Input for this task =

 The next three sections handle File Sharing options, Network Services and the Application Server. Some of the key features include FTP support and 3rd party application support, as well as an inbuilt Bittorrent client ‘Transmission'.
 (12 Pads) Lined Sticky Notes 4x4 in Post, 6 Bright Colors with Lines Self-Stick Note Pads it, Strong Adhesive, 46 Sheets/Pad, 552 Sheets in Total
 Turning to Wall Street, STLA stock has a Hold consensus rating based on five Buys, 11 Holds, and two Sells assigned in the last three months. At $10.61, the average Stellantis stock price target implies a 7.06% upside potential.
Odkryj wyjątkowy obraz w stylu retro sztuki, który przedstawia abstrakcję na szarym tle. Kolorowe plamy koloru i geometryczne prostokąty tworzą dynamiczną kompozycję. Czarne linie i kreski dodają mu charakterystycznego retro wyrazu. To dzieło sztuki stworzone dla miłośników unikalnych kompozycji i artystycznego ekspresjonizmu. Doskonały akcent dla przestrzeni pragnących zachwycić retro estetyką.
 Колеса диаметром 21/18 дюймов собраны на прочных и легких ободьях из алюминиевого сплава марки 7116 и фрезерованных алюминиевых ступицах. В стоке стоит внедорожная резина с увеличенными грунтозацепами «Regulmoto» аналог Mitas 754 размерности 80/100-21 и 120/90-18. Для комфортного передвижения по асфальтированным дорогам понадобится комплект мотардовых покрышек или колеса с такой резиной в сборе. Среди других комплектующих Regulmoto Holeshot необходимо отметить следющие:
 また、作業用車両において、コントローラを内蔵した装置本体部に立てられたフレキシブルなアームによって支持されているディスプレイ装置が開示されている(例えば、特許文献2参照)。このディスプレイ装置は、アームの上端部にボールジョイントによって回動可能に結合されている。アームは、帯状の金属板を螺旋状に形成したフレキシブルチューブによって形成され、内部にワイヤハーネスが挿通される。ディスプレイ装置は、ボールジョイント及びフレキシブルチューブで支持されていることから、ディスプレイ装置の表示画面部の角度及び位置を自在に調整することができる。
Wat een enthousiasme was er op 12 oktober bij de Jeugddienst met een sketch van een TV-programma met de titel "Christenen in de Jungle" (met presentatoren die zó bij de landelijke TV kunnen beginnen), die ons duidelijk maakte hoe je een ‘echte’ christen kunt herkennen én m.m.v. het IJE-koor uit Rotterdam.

==

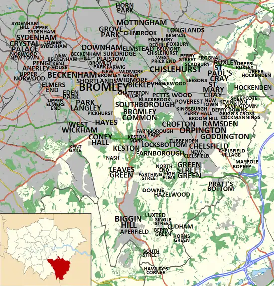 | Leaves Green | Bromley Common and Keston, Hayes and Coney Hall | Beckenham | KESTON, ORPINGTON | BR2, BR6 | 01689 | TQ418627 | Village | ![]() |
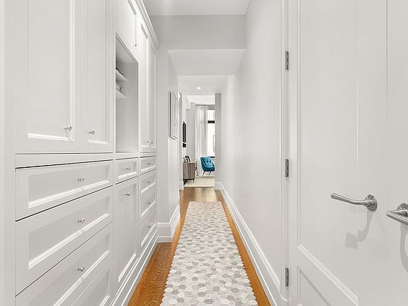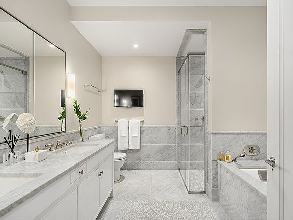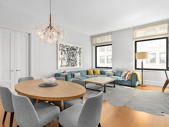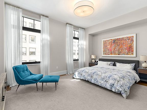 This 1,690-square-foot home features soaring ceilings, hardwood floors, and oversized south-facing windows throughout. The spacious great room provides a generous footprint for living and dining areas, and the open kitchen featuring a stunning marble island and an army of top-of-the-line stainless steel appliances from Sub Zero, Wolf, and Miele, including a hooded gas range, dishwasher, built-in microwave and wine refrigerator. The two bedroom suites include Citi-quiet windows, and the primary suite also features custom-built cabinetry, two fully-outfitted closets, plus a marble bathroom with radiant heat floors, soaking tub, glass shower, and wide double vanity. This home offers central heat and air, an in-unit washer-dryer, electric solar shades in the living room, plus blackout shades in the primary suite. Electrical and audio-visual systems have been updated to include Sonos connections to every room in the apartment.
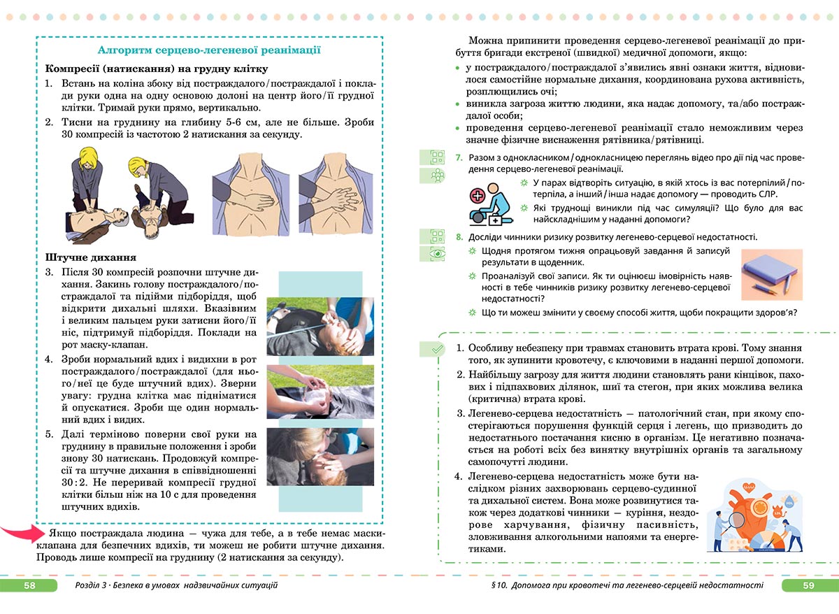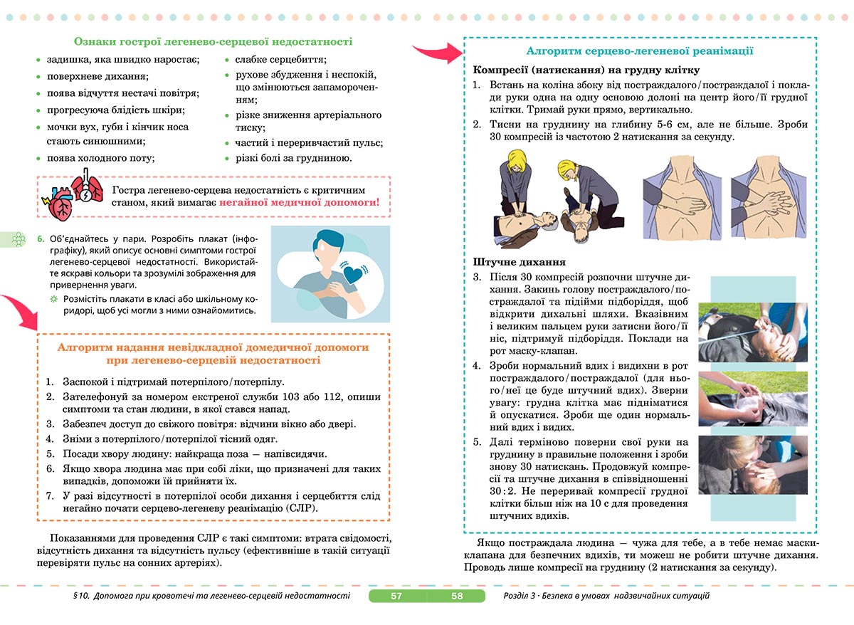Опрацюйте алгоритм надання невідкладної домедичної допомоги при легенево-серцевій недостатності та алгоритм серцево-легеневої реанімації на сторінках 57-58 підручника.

What is needed = Lines wanted from the entries above: the one with "This 1,690-square-foot home", the one with "Опрацюйте алгоритм надання", and all lines between. Please copy them exactly, without the pictures and without anything else.

Exercise output =
 This 1,690-square-foot home features soaring ceilings, hardwood floors, and oversized south-facing windows throughout. The spacious great room provides a generous footprint for living and dining areas, and the open kitchen featuring a stunning marble island and an army of top-of-the-line stainless steel appliances from Sub Zero, Wolf, and Miele, including a hooded gas range, dishwasher, built-in microwave and wine refrigerator. The two bedroom suites include Citi-quiet windows, and the primary suite also features custom-built cabinetry, two fully-outfitted closets, plus a marble bathroom with radiant heat floors, soaking tub, glass shower, and wide double vanity. This home offers central heat and air, an in-unit washer-dryer, electric solar shades in the living room, plus blackout shades in the primary suite. Electrical and audio-visual systems have been updated to include Sonos connections to every room in the apartment.
Опрацюйте алгоритм надання невідкладної домедичної допомоги при легенево-серцевій недостатності та алгоритм серцево-легеневої реанімації на сторінках 57-58 підручника.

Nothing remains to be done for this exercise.